На следующий день еще дотемна он уже был в деревне.
— А я так волновалась! — плакала Лида, прижавшись к мужу. — Думаю, если что случится…
— Ну что может случиться с таким, как я? — сказал он, целуя ее заплаканные глаза. — Деньгами разжился, паспорт получил и даже насчет комнаты сговорился и уже оплатил. Так что завтра твоя деревенская жизнь заканчивается. Не надо плакать, лучше примерь туфли. И платье я для тебя купил, так что теперь сильно выделяться не будешь. Как ты здесь отдыхала?
— Вчера с женой Степана бегали на реку купаться! — похвасталась Лида. — И по траве ходила босиком. А еще помогала хозяйке.
— А на реку тоже бегала босиком или на каблуках?
— Нет, хозяйка взяла туфли у кого‑то из соседей. Сказала, что их дочь погибла в войну, а обувь осталась. Немного великоваты, но ноги не натерла.
— А как вообще впечатление от сельской жизни?
— Молоко вкусное, курочек жалко, а местный туалет поразил до глубины души.
— А что еще поразило, кроме туалета?
— Люди мне здесь понравились, Леша, не все, но большинство. О природе я не говорю: сам должен понимать.

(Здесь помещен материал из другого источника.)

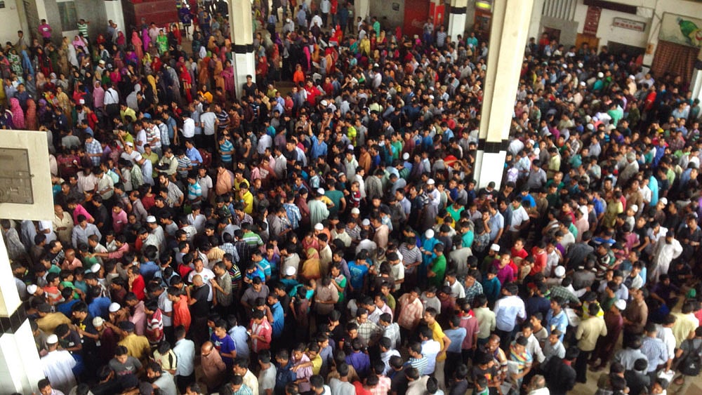আজ সকালে চট্টগ্রাম স্টেশনে দেখা যায়, স্টেশনের প্রতিটি কাউন্টারে মানুষের দীর্ঘ সারি। নারীদের জন্য কাউন্টারেও ভিড় ছিল। আগের দিন রাতে অনেকেই পত্রিকা, প্যাকেটের কাগজ নিয়ে স্টেশনে বসেছিলেন। সকালে তা পরিষ্কার করছিলেন পরিচ্ছন্নতাকর্মীরা।
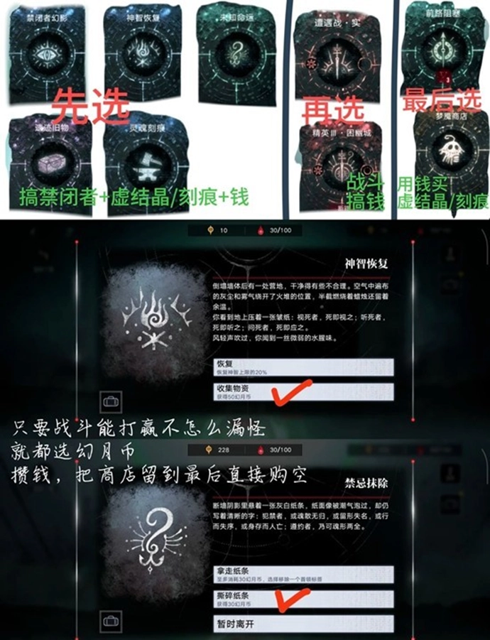 选项优先选虚结晶>满足理智70+的选项>幻月币(据plq的大佬分享,在二三层会碰到需要理智70以上才能选择的“消耗理智获取虚结晶”选项,这种方式比直接用幻月币去商店购买虚结晶更划算)

— Ладно, хозяева не будут до ночи сидеть во дворе, дожидаясь, пока мы с тобой наговоримся. Поэтому о важном поговорим, когда завтра пойдем к шоссе.
— Леш! — она прижалась к нему. — Я по тебе, знаешь, как соскучилась?
— И как ты себе это представляешь? Ты это не можешь делать тихо, а через двери все слышно. Сеновал у них есть?
— Я не знаю, но корове сено давали.
— Давай потерпим до завтра? Хозяева снятой квартиры работают, поэтому нам никто мешать не будет.
— Ладно, — нехотя согласилась Лида. — Я тебя тогда отправлю спать на печь, а то рядом не усну. Только на ней сохнут вишни, надо будет убрать.
Утром позавтракали, тепло попрощались со стариками и ушли из деревни. Перед уходом Алексей положил им на стол пятьсот рублей.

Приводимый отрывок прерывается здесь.